Al-Manar portrays America and Israel as in cahoots, even blazoning the conspiracy theory (which, however outrageous, is widely believed in the Arab world) that 9/11 was covertly masterminded by a cabal of American and Israeli government agents. At times, the station claims American foreign policy is secretly run by Israel. One Palestinian guest on al-Manar remarked, "We might even see that the headquarters of the Israeli chiefs of staff will be in the White House someday," describing Jewish advisors in the Bush administration such as Paul Wolfowitz and Richard Perle as "Jewish-Likudist-Zionists" (55). Elsewhere, however, the channel depicts the U.S./Israel relationship as working inversely, with the Jewish state a lackey of American interests; for instance, in a speech broadcast on al-Manar, Nasrallah portrayed Israelis as "foot soldiers of our true and original enemy, [the American] Satan" (57). Either way, the message is essentially the same; for Hizballah, the U.S. and Israel are two halves of a single immutably evil entity.

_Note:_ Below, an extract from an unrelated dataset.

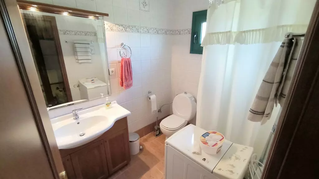 On the ground floor, you’ll find one bedroom, a living room complete with kitchen facilities, another shower and WC, as well as an additional storeroom. This layout maximizes the use of space while offering essential amenities.

Beacon of Hatred concludes with Jorisch recommending policies that could help the U.S. government combat the propaganda disseminated by al-Manar. The author realizes that the only way the station can be permanently shut down is through military means (an option he doesn't appear to favor), but he believes there are also diplomatic and economic steps which might prove efficacious. Among other proposals, Jorisch advises the U.S. to pressure Lebanese banks holding Hizballah funds to freeze these accounts; to pass legislation prohibiting American companies from advertising their products on al-Manar, and to encourage European officials to take similar steps with European companies; to discourage Western media outlets such as CNN, BBC and C-SPAN from buying film footage from al-Manar; to close down al-Manar's Washington bureau; to urge satellite providers to remove al-Manar from their networks; and so on.

No doubt, some readers will object to Jorisch's proposals. Jorisch himself notes that American commitments to free speech have made Washington reluctant in the past to pressure foreign governments to control their own media (although he insists such reluctance must be set aside because "now is a time of war" (59)). There is also a danger that American attempts to muzzle al-Manar could backfire if Hizballah responds to such efforts by proclaiming that the "Great Satan" is trying to suppress "truths" emanating from the Muslim world. Finally, the U.S. allows domestic extremists such as the neo-Nazi National Alliance and the White Supremacist Aryan Brotherhood to have their say through websites and publications, even though these organizations openly advocate the violent overthrow of an American political system allegedly secretly run by a "Zionist Occupied Government." But tolerating internal extremist speech is quite different from tolerating such speech from an external source that threatens this country and its allies. Moreover, although Americans may tend to underestimate the danger to national security posed by the indigenous radical right, clearly the threat presented by Hizballah and other Islamic terrorist groups to US lives and interests is much greater. Still, although Jorisch's recommendations are reasonable and might do some good, our government shouldn't adopt them as a substitute for its current efforts to counter America-bashing Arab media by issuing counter-speech through the Arabic language news stations the Bush administration has been establishing in the Middle East.

In short, although this is a flawed book, its subject matter makes it worth reading. I second the view expressed in the forward by former U.S. Middle East envoy Dennis Ross: "For anyone concerned with the threat posed by Hizballah and the best means of advancing the war on terror, Beacon of Hatred is an...important study" (ix).